One of the Harbor cops, an Englishman named Ethan Gray, handed Danny and Steve their surgical masks and white cotton gloves.
“They say it helps.” He smiled into the sharp sun.
“Who’s they?” Danny pulled the surgical mask over his head and down his face until it hung around his neck.
Ethan Gray shrugged. “The all-seeing they.”
“Oh, them,” Steve said. “Never liked them.”
Danny placed the gloves in his back pocket, watched Steve do the same.
The other Harbor cop hadn’t said a word since they’d met on the wharf. He was a small guy, thin and pale, his damp bangs falling over a pimply forehead. Burn scars crept out from the edges of his sleeves. Upon a closer look, Danny noticed he was missing the bottom half of his left ear.
So, then, Salutation Street.
A survivor of the white flash and the yellow flame, the collapsing floors and plaster rain. Danny didn’t remember seeing him during the explosion, but then Danny didn’t remember much after the bomb went off.
The guy sat against a black steel stanchion, long legs stretched out in front of him, and studiously avoided eye contact with Danny. That was one of the traits shared by survivors of Salutation Street — they were embarrassed to acknowledge one another.
The launch approached the dock. Ethan Gray offered Danny a cigarette.

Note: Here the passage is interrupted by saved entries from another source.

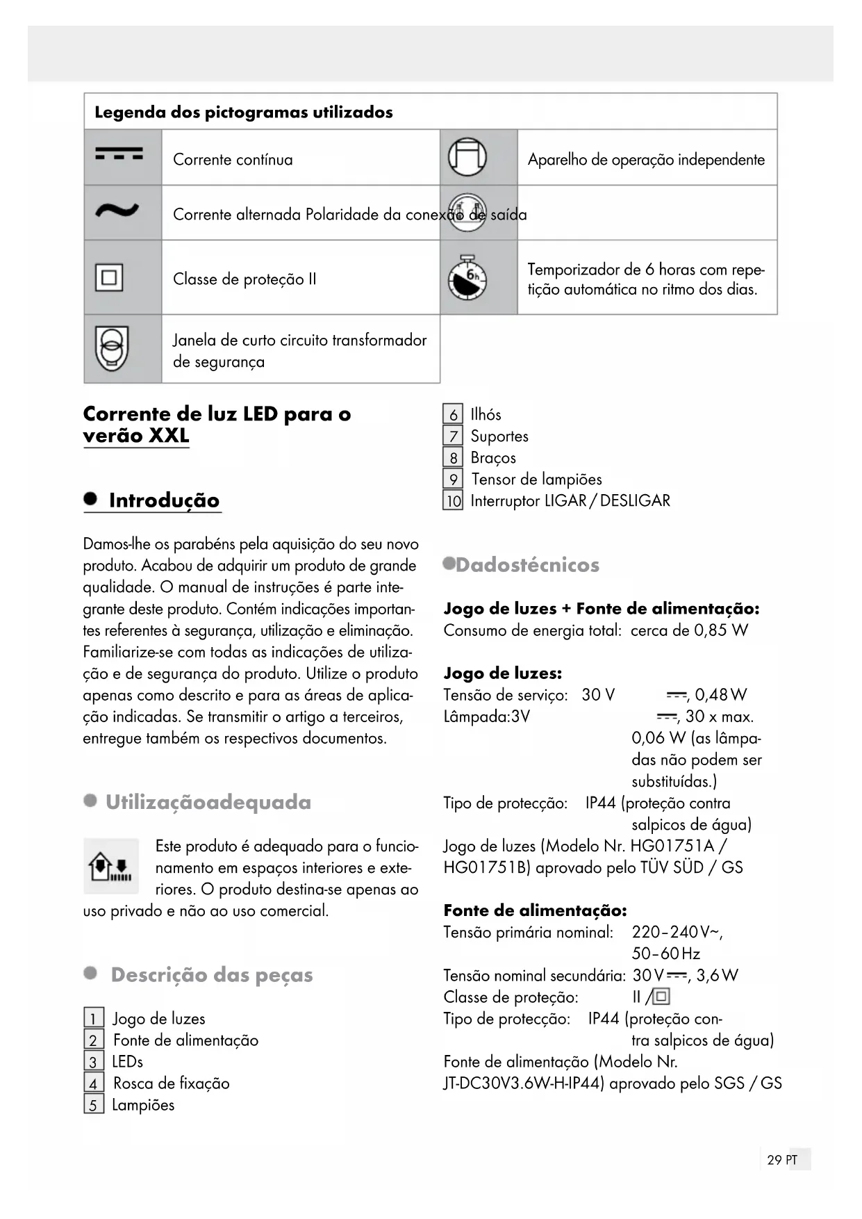 Interruptor LIGAR / DESLIGAR Dados técnicos Jogo de luzes + Fonte de alimentação: Consumo de energia total: cerca de 0,85 W Jogo de luzes: Tensão de serviço: 30 V , 0,48 W Lâmpada: 3 V , 30 x max. 0,06 W (as lâmpa- das não podem ser substituídas.) Tipo de protecção: IP44 (proteção contra salpicos de água) Jogo de luzes (Modelo Nr. HG01751A / HG01751B) aprovado pelo TÜV SÜD / GS Fonte de alimentação: Tensão primária nominal: 220–240 V∼, 50–60 Hz Tensão nominal secundária: 30 V , 3,6 W Classe de proteção: II / Tipo de protecção: IP44 (proteção con- tra salpicos de água) Fonte de alimentação (Modelo Nr. JT-DC30V3.6W-H-IP44) aprovado pelo SGS / GS30 PT Material fornecido 1 corrente de luz LED para o verão XXL 15 Laternas 1 fonte de alimentação 1 manual de instruções Indicações de segurança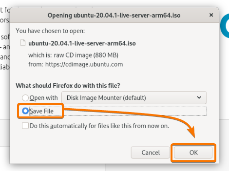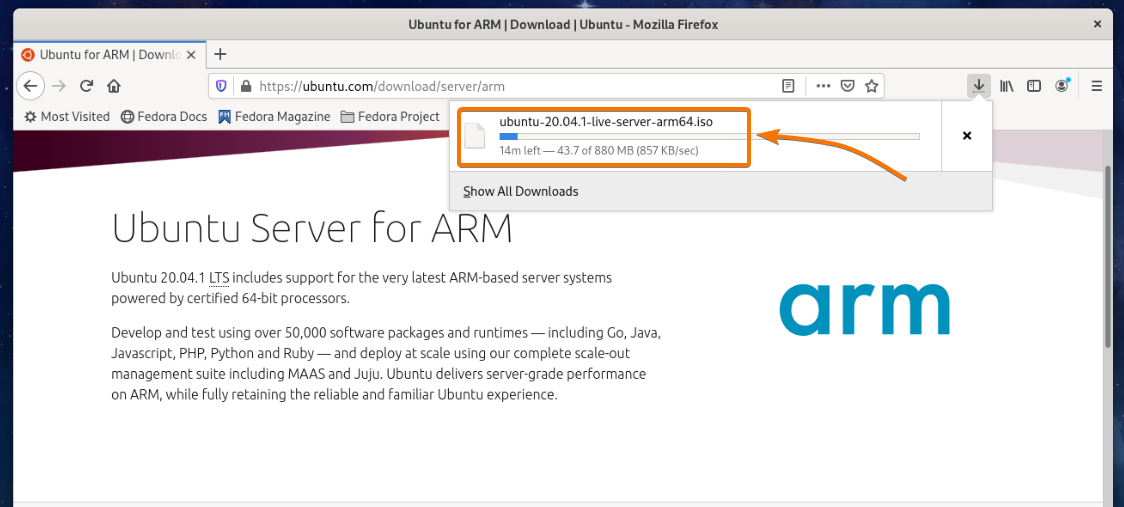 Your browser should start downloading the Ubuntu Server 20.04.1 LTS ARM ISO image. It may take a while to complete.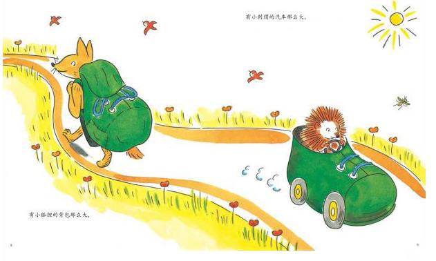 这是一本特别适合子共读的绘本。讲的是一只大熊,它住的房子,穿的鞋,用的锅,都大得不得了。比如,它的鞋有豪猪开的车那么大,它用的锅有老鼠的游泳池那么大。反复出现的“要说到底有多大嘛”的噱头,非常刺激儿童的想象力。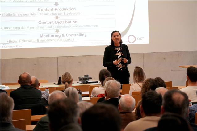 Prof. Sigrid Hofer-Fischer, Professorin für Marketing am ISM Institut für Strategie und Marketing an der OST, zeigte auf, worin sich Content-Marketing von klassischer Werbung unterscheidet. Während Werbung direkt Produkte oder Dienstleistungen bewerbe, setze Content-Marketing auf nützliche und relevante Inhalte für klar definierte Zielgruppen. Ziel sei es, Vertrauen aufzubauen und langfristige Kundenbeziehungen zu stärken. Entscheidend sei der Mehrwert der Inhalte – unabhängig davon, ob diese als Blogbeitrag, Newsletter, Video oder Podcast veröffentlicht würden.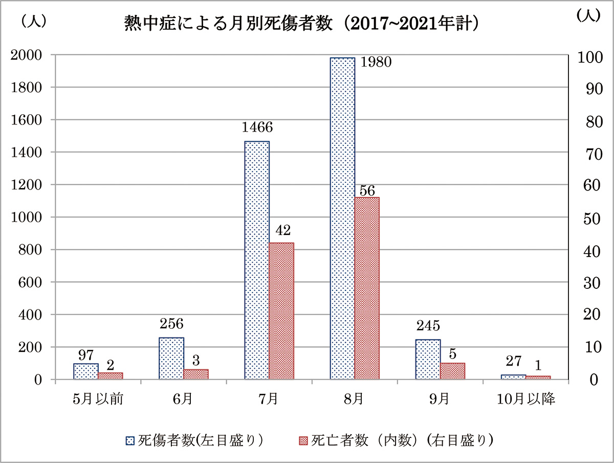 熱中症の死傷者は夏場が圧倒的に多いが、5月以前、10月以降にも死亡者もいる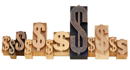 financial concept - a row of dollar signs - isolated vintage wood letterpress printing blocks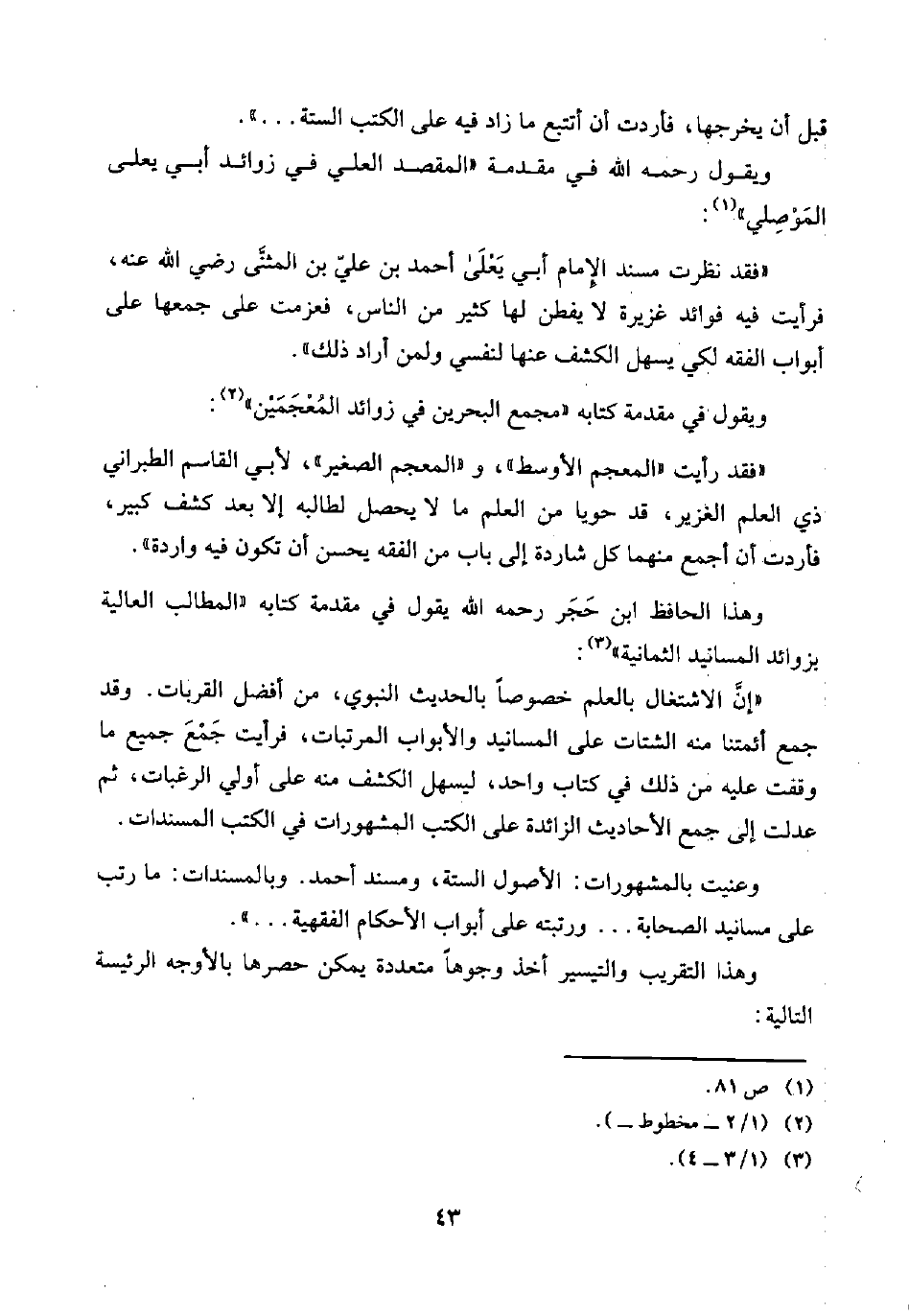 "إنَّ الاشتغال بالعلم خصوصًا بالحديث النبوي، من أفضل القربات. وقد جمع أئمتنا منه الشتات على المسانيد والأبواب المرتبات، فرأيت جَمْعَ جميع ما وقفت عليه من ذلك في كتاب واحد، ليسهل الكشف منه على أولي الرغبات، ثم عدلت إلى جمع الأحاديث الزائدة على الكتب المشهورات في الكتب المسندات.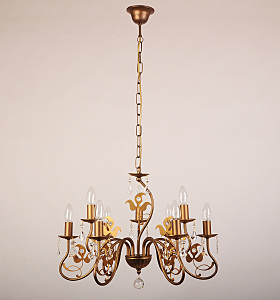 Допускается отличие страны-изготовителя, указанной в характеристиках. Линии производства могут находиться в нескольких государствах. Это не влияет на качество изготовления товара: все заводы данного бренда работают по общим стандартам, а готовые изделия проходят соответствующий контроль.Германия Коллекция 520 ЦветЦвет арматуры Золото Цвет Золото Материал арматуры Металл РазмерыВысота (мм) 450 Диаметр (мм) 600 ЭлектрикаКоличество ламп (шт) 9 Цоколь E14 Тип лампы Светодиодная, Накаливания Мощность лампы (Вт) 40 Напряжение (В) 220 Площадь освещения 22 Дополнительная информацияСпособ крепления Крюк Степень защиты (IP) IP20 Место установки на потолок Вес (Кг) 5,4 Тип подвеса На цепи -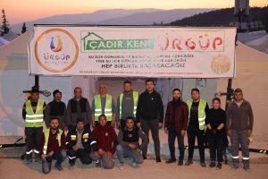 Ürgüp Belediyesi ekipleri Hatay Kırıkhan’daki depremzedeler için çadır kent kurulumunu tamamladı.

He took it with a nod of thanks. Gray pointed the pack at Steve but Steve shook his head.
“And what instructions did your duty sergeant give you, Officers?”
“Pretty simple ones.” Danny leaned in as Gray lit his cigarette. “Make sure every soldier stays on that ship unless we say otherwise.”
Gray nodded as he exhaled a plume of smoke. “Identical to our orders as well.”
“We were also told if they try to override us using some federal-government-at-time-of-war bullshit, we’re to make it very clear that it may be their country but it’s your harbor and our city.”
Gray lifted a tobacco kernel off his tongue and gave it to the sea breeze. “You’re Captain Tommy Coughlin’s son, aren’t you?”
Danny nodded. “What gave it away?”
“Well, for one, I’ve rarely met a patrolman of your age who had so much confidence.” Gray pointed at Danny’s chest. “And the name tag helped.”
Danny tapped some ash from his cigarette as the launch cut its engine. It rotated until the stern replaced the bow and the starboard gunwale bounced off the dock wall. A corporal appeared and tossed a line to Gray’s partner. He tied it off as Danny and Gray finished their cigarettes and then approached the corporal.